Entiendo que visitemos las tumbas de nuestros artistas preferidos o las localizaciones de las películas o las novelas que más nos han marcado; personalmente no tengo afición, pero reconozco que alguna vez, de viaje, he cedido. Un turista es una persona aburrida que necesita distraerse, y un día quise ir hasta Caos, en Agrigento, porque el nombre era irresistible y porque estaba la casa donde nació Pirandello. De nuevo, siendo en la Feria del Libro de Guadalajara, en México, tuve la excusa para irme a Comala y San Gabriel, las tierras de Rulfo. Estas visitas nos dan la idea física de una obra, o quizá sea la obra, que añade sentido al lugar que visitamos. Sea como fuere tienen un precio, porque también nos condicionan la lectura de la obra y el lugar, y al final perdemos libertad interpretativa, libertad creativa.
La semana pasada me invitaron a ir a Andorra a hablar de mi libro. Hacía muchos años que no iba. Me encontré a un país en plena toma de conciencia de sí mismo, quiero decir conciencia cultural. Ellos solos no salvarán al catalán, pero con las leyes que empiezan a implantar nos muestran la diferencia entre preocuparse o no. Está claro que ellos tienen un estado y nosotros una farsa.
Volviendo de Andorra pasé por Puigcerdà. Quería ver los sitios que salen en una novela que estoy escribiendo: el túnel del Cadí, la Colonia Simon y el Hospital de Puigcerdà, que conocía por los mapas y alguna foto, pero que básicamente me había imaginado. Fui a visitar unos espacios, pues, que sólo había vivido en mi interior y que, partiendo de tan poca cosa, se podría decir que me había inventado. Paré el coche en medio de una calle y contemplé el edificio en el que vivían (o viven, o vivirán), en pisos diferentes pero uno encima del otro, dos de los protagonistas del libro que escribo. He convivido allí, con ellos, dentro de mí, en su casa. Fue una breve, intensa y emocionante visita. Prácticamente vi a Olga y Vadó detrás de una ventana, gordos y jóvenes.
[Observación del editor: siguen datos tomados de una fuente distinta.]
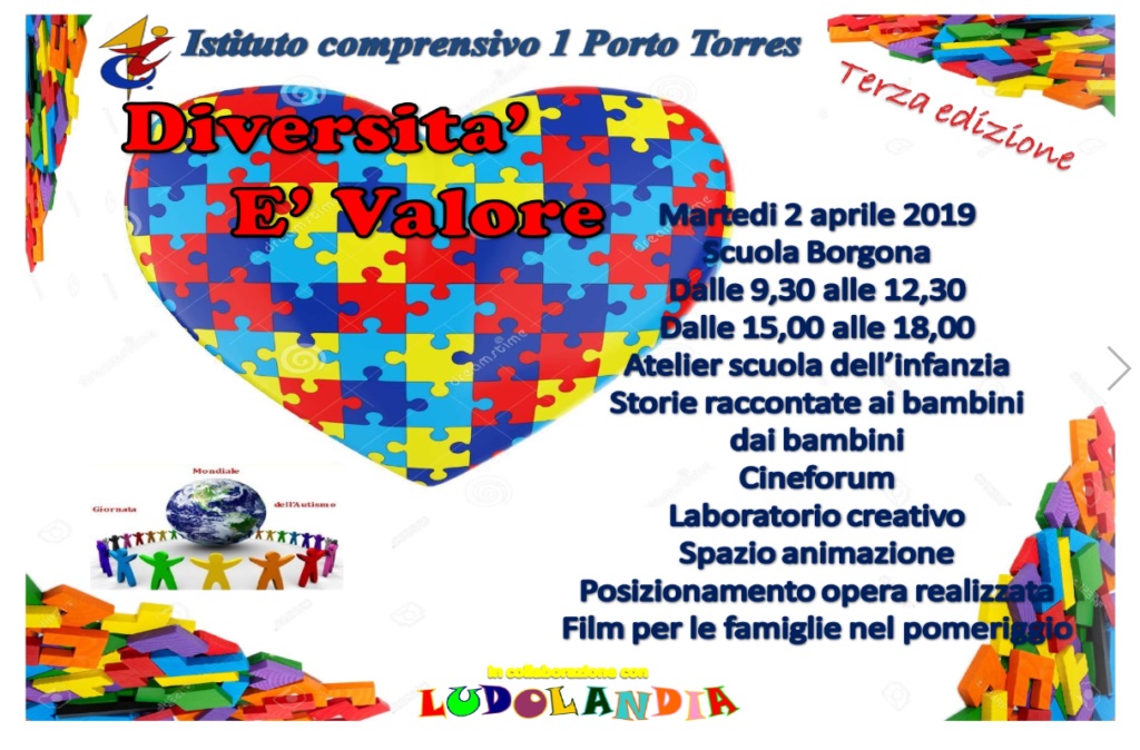 L'isitituto Comprensivo n. 1 organizza, in collaborazione con la ludoteca Ludolandia, la terza edizione di "Diversità è valore" in occasione della Giornata Mondiale dell'Autismo.

Me fui porque habría faltado poco para que bajaran a saludarme. Eran ellos que me habían estirado a acercarme, como si me hubiesen escrito ellos a mí. Si alguna vez vienes por Puigcerdà, ¡pásanos a ver! Me fui envuelto de ficción, pero sin haber perdido en modo alguno el mundo de vista, al contrario, que ganó peso. Hubo un respeto mutuo. Me sentí acompañado y acompañante. La Colonia Simon cogió una consistencia llena y corpórea. El edificio de pisos se humanizó, las paredes se volvieron de carne.